*What you will do*
Copy out the entire listing below exactly, but without its pictures.

#### Given information ####

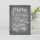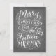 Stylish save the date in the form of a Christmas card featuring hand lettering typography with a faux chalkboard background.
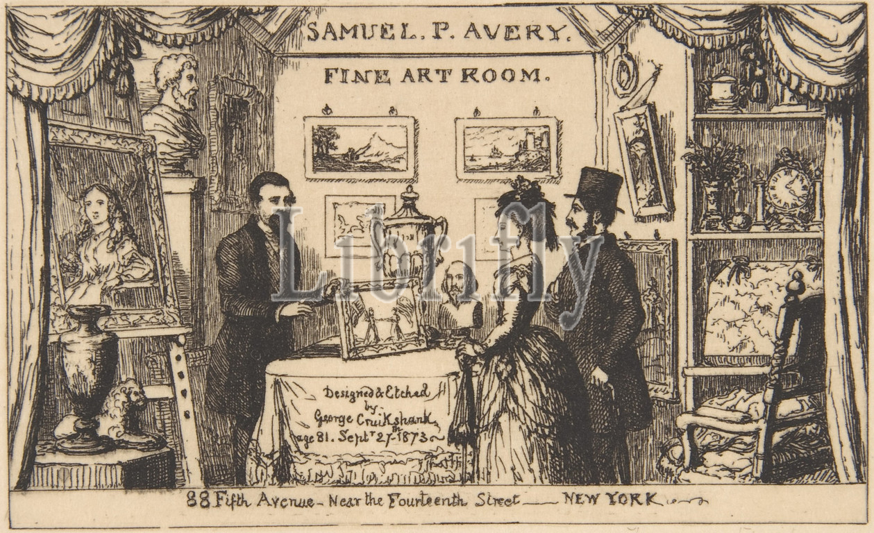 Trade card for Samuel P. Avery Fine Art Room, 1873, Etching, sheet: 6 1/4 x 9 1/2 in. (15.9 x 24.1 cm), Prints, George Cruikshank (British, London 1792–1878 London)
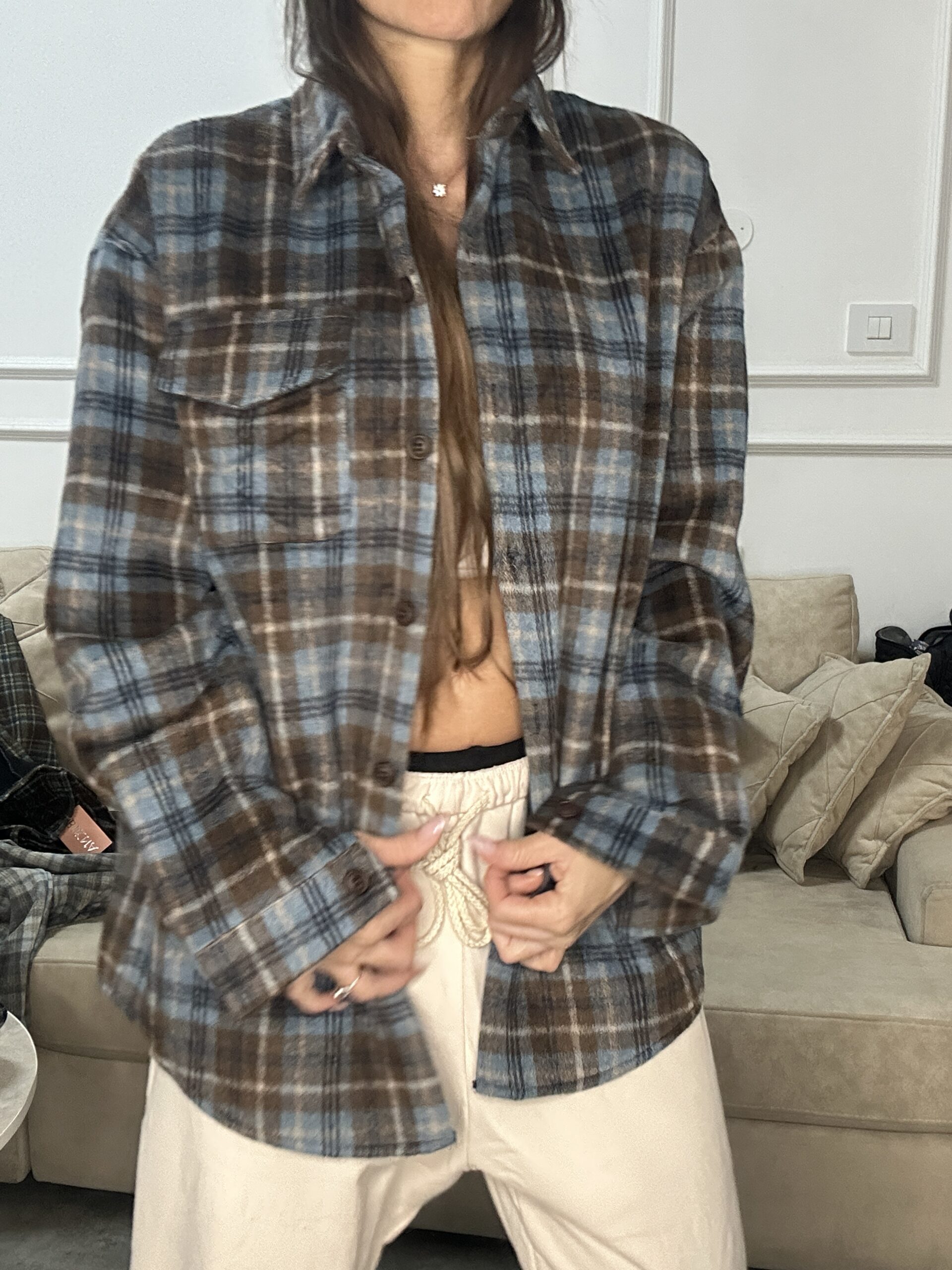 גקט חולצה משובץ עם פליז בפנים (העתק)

####

*Exercise solution*
 Stylish save the date in the form of a Christmas card featuring hand lettering typography with a faux chalkboard background.
 Trade card for Samuel P. Avery Fine Art Room, 1873, Etching, sheet: 6 1/4 x 9 1/2 in. (15.9 x 24.1 cm), Prints, George Cruikshank (British, London 1792–1878 London)
 גקט חולצה משובץ עם פליז בפנים (העתק)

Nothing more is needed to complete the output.